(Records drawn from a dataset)
BEGIN

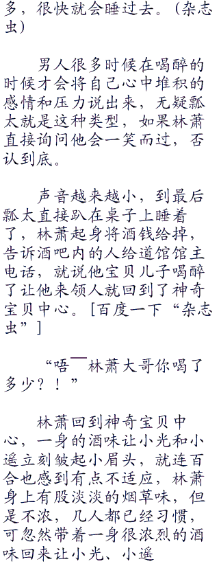 “呵呵~是么。”瓢太的眼里闪过一丝伤痛,狠狠的灌下几口啤酒,林萧静静的喝着酒,没有说话,如果瓢太愿意说的话就会告诉自己,如果自己追问搞不好还会让瓢太想多觉得自己是在看他的笑话。
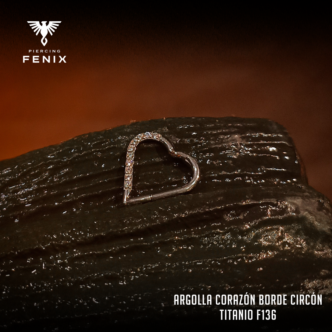 Argolla Corazón Borde Circón - TITANIO ASTM F-136
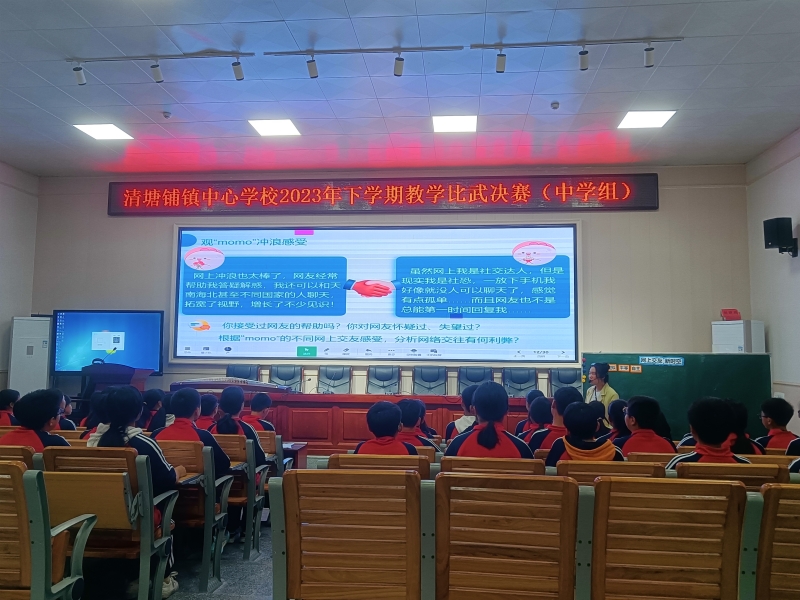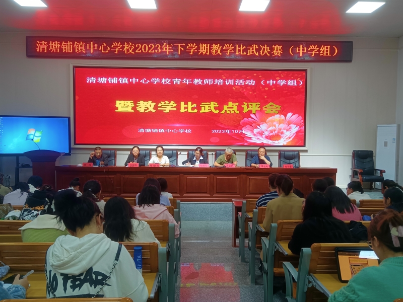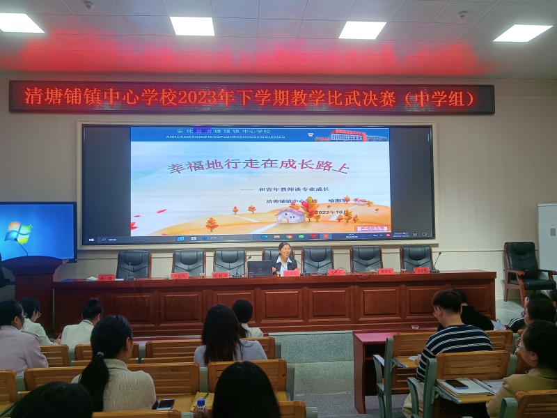 本网讯 10月25日, 清塘铺镇中心学校2023年下学期青年教师教学比武(中学组)决赛在该校多功能报告厅隆重进行。此次比武共有13位新教师参加,评委由中心校机关人员与中学行政组长、教研组长组成。 决赛现场,各位参赛选手仪表端庄,精神饱满,教态自然,语言流利,思路清晰,以最好的状态给评委们带来一堂堂精彩的优质课,诠释了新时代的教育教学理念,展现了该校青年教师深厚的教学功底、教学特色和良好的综合素质。经过激烈的角逐,最终评选出一等奖6名,二等奖7名。在评课环节中,各学科组长对青年教师们的认真准备和精彩表现给予了肯定,并结合自身的教学经验分别从教学设计、语言教态、思政融入、PPT制作及板书等方面进行了细致点评。最后,中心校副校长喻拥军作了《幸福地走在成长路上》专题讲座,对该校青年教师进行专业发展培训,为他们的迅速成长指明了方向。
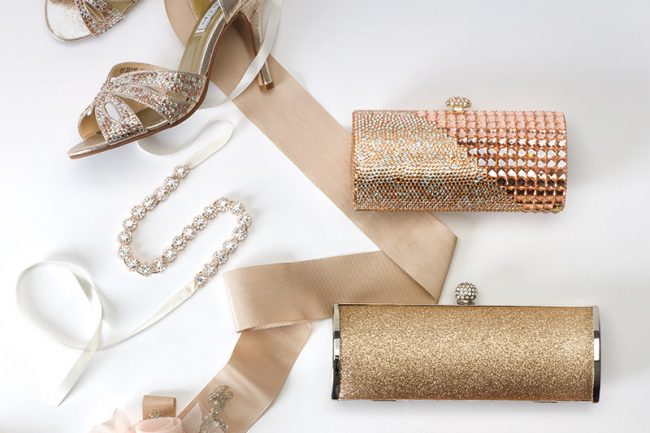 Belt: David Tutera, Claire’s Fashions, Wilmington, $313. Headband: Paulina Couture rose gold crystal, Brides 2 Be By Hope Mitchell, Rehoboth Beach, $165. Shoes: Touch Ups by Benjamin Walk (Poise), Claire’s Fashions, $89. Clutches, from top: Custom-made purse by Bedazzled Boutique, Bedazzled Boutique, Newtown Square, $275. Coloriffics, Occasions Boutique, Malvern, $50. Nite Bags, Claire’s Fashions, $59.
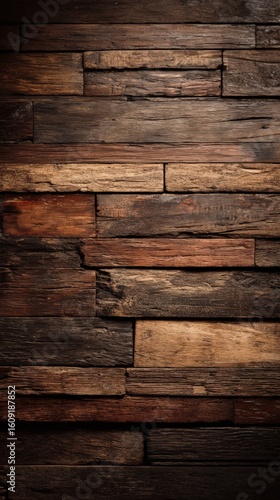© Rayyanza, Obraz premium Rustic Brown Wooden Wall Paneling Texture
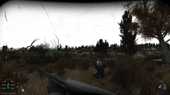 - Токсичне повітря, яке погіршується, чим далі на північ ви рухаєтеся (починається над лугом Кордон та болотами)Токсичне повітря повільно задушить вашого персонажа, вам знадобляться фільтри для протигазу або кисневі балони. Токсичне повітря та радіація мають високу концентрацію в підземних спорудах та лабораторіях Токсичне повітря та динамічна погода/радіація не можуть бути вимкнені
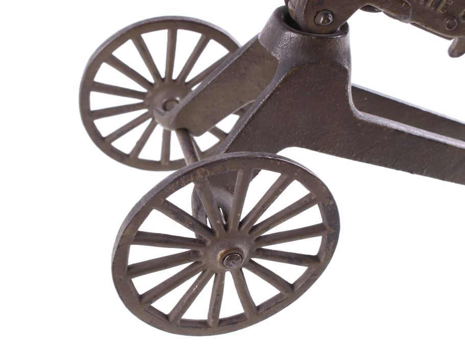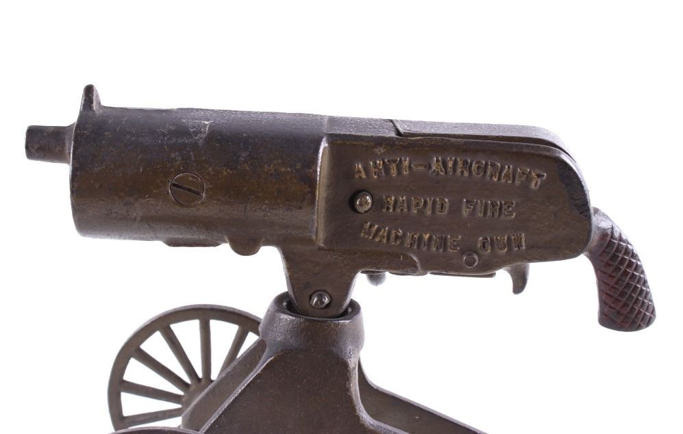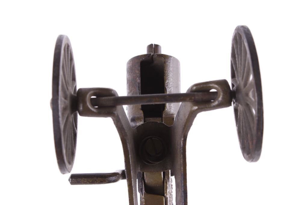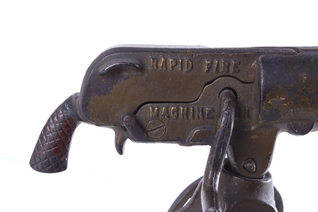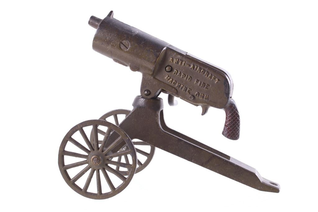 Included in this lot is a cast iron toy cap gun which makes a clicking rapid fire shooting sound when you turn the handle. This toy is made by ‘Grey Iron Casting Company – Mt. Joy, PA’ and it is marked so on the bottom of the toy. Also notice that the gun is identified on each side of it with raised lettering, and the one side reads, ‘Anti-Aircraft Rapid Fire Machine Gun’ and the opposite side reads, ‘Rapid Fire Machine Gun’. The toy gun shows a dark gray patina and working condition. The toy measures 7 ½” x 4” x 7”.
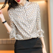 OLYFOU 可遇不可求轻奢小华丽印花鎏金真丝衬衫花边立领长袖上衣

END

* **Task statement**
Without including a single picture, restate all of the data word for word.

* **Exercise response**
 “呵呵~是么。”瓢太的眼里闪过一丝伤痛,狠狠的灌下几口啤酒,林萧静静的喝着酒,没有说话,如果瓢太愿意说的话就会告诉自己,如果自己追问搞不好还会让瓢太想多觉得自己是在看他的笑话。
 Argolla Corazón Borde Circón - TITANIO ASTM F-136
 本网讯 10月25日, 清塘铺镇中心学校2023年下学期青年教师教学比武(中学组)决赛在该校多功能报告厅隆重进行。此次比武共有13位新教师参加,评委由中心校机关人员与中学行政组长、教研组长组成。 决赛现场,各位参赛选手仪表端庄,精神饱满,教态自然,语言流利,思路清晰,以最好的状态给评委们带来一堂堂精彩的优质课,诠释了新时代的教育教学理念,展现了该校青年教师深厚的教学功底、教学特色和良好的综合素质。经过激烈的角逐,最终评选出一等奖6名,二等奖7名。在评课环节中,各学科组长对青年教师们的认真准备和精彩表现给予了肯定,并结合自身的教学经验分别从教学设计、语言教态、思政融入、PPT制作及板书等方面进行了细致点评。最后,中心校副校长喻拥军作了《幸福地走在成长路上》专题讲座,对该校青年教师进行专业发展培训,为他们的迅速成长指明了方向。
 Belt: David Tutera, Claire’s Fashions, Wilmington, $313. Headband: Paulina Couture rose gold crystal, Brides 2 Be By Hope Mitchell, Rehoboth Beach, $165. Shoes: Touch Ups by Benjamin Walk (Poise), Claire’s Fashions, $89. Clutches, from top: Custom-made purse by Bedazzled Boutique, Bedazzled Boutique, Newtown Square, $275. Coloriffics, Occasions Boutique, Malvern, $50. Nite Bags, Claire’s Fashions, $59.
© Rayyanza, Obraz premium Rustic Brown Wooden Wall Paneling Texture
 - Токсичне повітря, яке погіршується, чим далі на північ ви рухаєтеся (починається над лугом Кордон та болотами)Токсичне повітря повільно задушить вашого персонажа, вам знадобляться фільтри для протигазу або кисневі балони. Токсичне повітря та радіація мають високу концентрацію в підземних спорудах та лабораторіях Токсичне повітря та динамічна погода/радіація не можуть бути вимкнені
 Included in this lot is a cast iron toy cap gun which makes a clicking rapid fire shooting sound when you turn the handle. This toy is made by ‘Grey Iron Casting Company – Mt. Joy, PA’ and it is marked so on the bottom of the toy. Also notice that the gun is identified on each side of it with raised lettering, and the one side reads, ‘Anti-Aircraft Rapid Fire Machine Gun’ and the opposite side reads, ‘Rapid Fire Machine Gun’. The toy gun shows a dark gray patina and working condition. The toy measures 7 ½” x 4” x 7”.
 OLYFOU 可遇不可求轻奢小华丽印花鎏金真丝衬衫花边立领长袖上衣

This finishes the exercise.